The older man leaned forward and spoke rapidly in an indistinguishable tone; and Odell saw the other glance quickly toward the front of the shop and then back at the speaker with a look of horror on his face.

"Good God, no!" he cried; and the deference was gone from his tone. "I've helped in the other thing, and I'll admit that you've paid me well for it; but I wouldn't be a party to that for all the money in the world! . . . I don't care if it is, I'd rather do a stretch than go to the chair!"

Before the older man could speak the door leading into the shop opened, and Gene appeared.

"We're caught!" he cried wildly. "Either Sims or I must have been followed, Farley! There's a man walking up and down in front of the shop."

"Shut that door, you d—n fool!" Farley Drew finished up with a ferocious oath; but the other, whom Gene had called Sims, shouldered the young man aside and sprang through the door into the shop, while Drew himself strode over to the window.

Odell and Porter had barely time to conceal themselves behind the pickle-tubs which Miller had mentioned when the shade was pulled up, the window opened, and the sleek head of Farley Drew appeared cautiously reconnoitering.

"Nobody here." The head withdrew and the window slammed. Odell reached his point of vantage once more in time to see Sims reënter, closing the connecting door carefully behind him.

"It's the bull who came to your rooms an hour or so ago looking for you." The valet's tone was high and quavering, and his face expressed abject fright. "He couldn't have followed me here, for I made sure that no one was behind me when I ducked into the alley. I tell you they're on to us and the game is up!"

"Are we doing any harm? Is there anything incriminating about this room or our presence here?" demanded Drew, his tones carrying distinctly at last to the listeners outside. "The alley is clear and we have only to walk out that way and leave that flatfoot to cool his heels on the pavement till morning. Go back to my rooms and stay there until you hear from me, Sims; and stick to the same story you told to-night if you are interrogated again. As for you, Gene—"

His voice sank once more to a scarcely audible murmur, and Odell whispered hurriedly to Porter:

"Shadow Gene. Don't leave him out of your sight for a minute. I'll take Drew on; Sims is going back to the Bellemonde Annex."

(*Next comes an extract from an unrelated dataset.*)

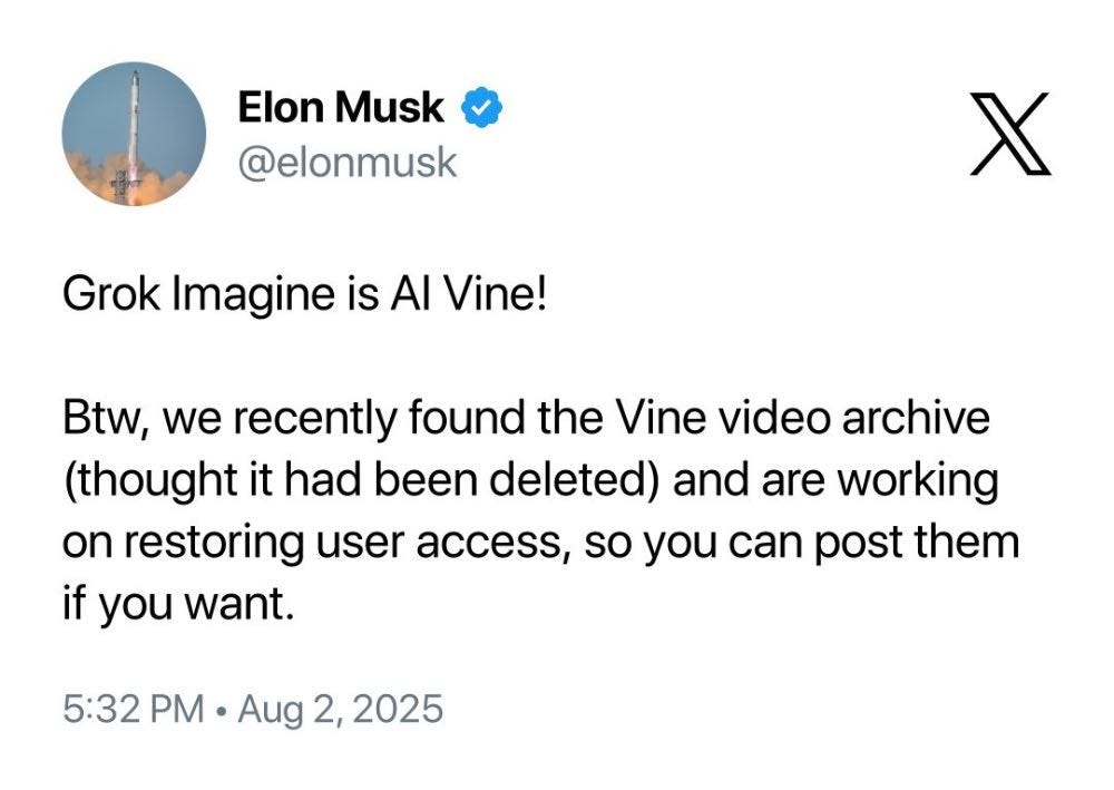 Η εταιρεία τεχνητής νοημοσύνης του Έλον Μασκ, xAI, ανακοίνωσε την επαναφορά του αρχείου βίντεο του Vine, σηματοδοτώντας μια εντυπωσιακή επιστροφή της πλατφόρμας που είχε σταματήσει τη λειτουργία της το 2019. Η κίνηση αυτή έρχεται λίγο μετά την εξαγορά της X Corp από την xAI, στις 28 Μαρτίου 2025, και αποτελεί μέρος ενός ευρύτερου οράματος για την ενσωμάτωση της τεχνητής νοημοσύνης στα κοινωνικά μέσα. Η ιδέα της αναβίωσης του Vine είχε ήδη αναζωπυρωθεί το 2022, όταν ο Μασκ διεξήγαγε δημοσκόπηση στο Twitter, στην οποία οι χρήστες εκφράστηκαν θετικά για την επιστροφή της πλατφόρμας.
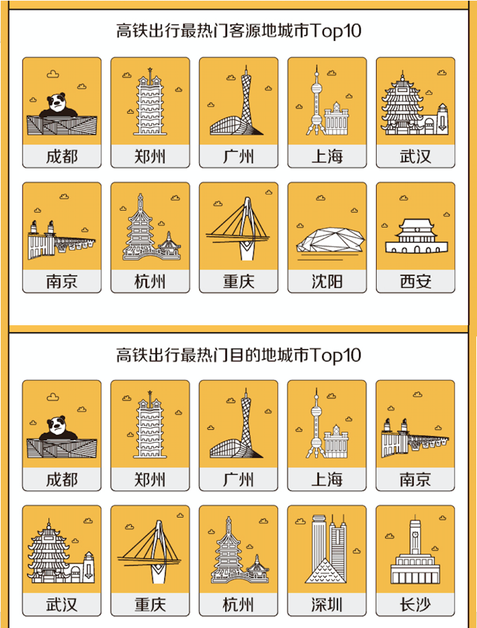 除此之外,城市周邊高鐵短途游受歡迎,特別是2小時內的高鐵行程受到家庭出游的青睞。比如,上海開往杭州、蘇州、南京;廣州開往深圳、東莞、珠海;成都開往重慶、綿陽、眉山;武漢開往孝感、襄陽、黃石等城市短途高鐵線路預定量排名靠前。

"How about Miller?" asked Porter.

"No chance to warn him now unless your man or mine crosses Third Avenue. Get behind the tubs quick! They're coming out!"

From their hiding-place they saw Sims emerge cautiously from the door, peer up and down the alley, and dart off to the side street. A long five minutes passed and then Gene appeared, closing the door behind him. He looked neither to right nor left, but hugging the wall of the houses he crept slowly to the street, hesitated a moment, and then headed west.

"Go on. Porter," Odell ordered. "If he goes back to the house 'phone Headquarters at once."

Without a word the operative glided away into the shadows, reappeared at the lighted mouth of the alley, and vanished again in the wake of his subject.

Five more minutes passed, then ten, and still there came no sign of the departure of the third man from the lighted room. Odell began to feel a vague sense of uneasiness. What if Drew had gone out the front way, overcome or blackjacked Miller, and made his escape? No direct mention had been made by any of the three of the investigation going on at the Meade house nor of the sequence of strange events which had taken place there; but Gene Chalmers had had plenty of time to discuss that with Drew before the arrival of Sims. How completely the latter was in his master's confidence Odell could not be sure. If Drew had indeed a guilty knowledge of the sinister problem it was evident that his servant was ignorant of it. The latter's cry that he would rather "do a stretch than go to the chair" had been too spontaneous and too frankly panic-stricken to brand him as capable of potential murder.

The ten minutes doubled in length, and just as Odell emerged from behind the heap of tubs determined to risk another peep through the window, the door opened and Farley Drew stood smiling on the threshold.

"I've been waiting for you, Sergeant Odell. That is why I got rid of the others. Come in and we will have a little talk."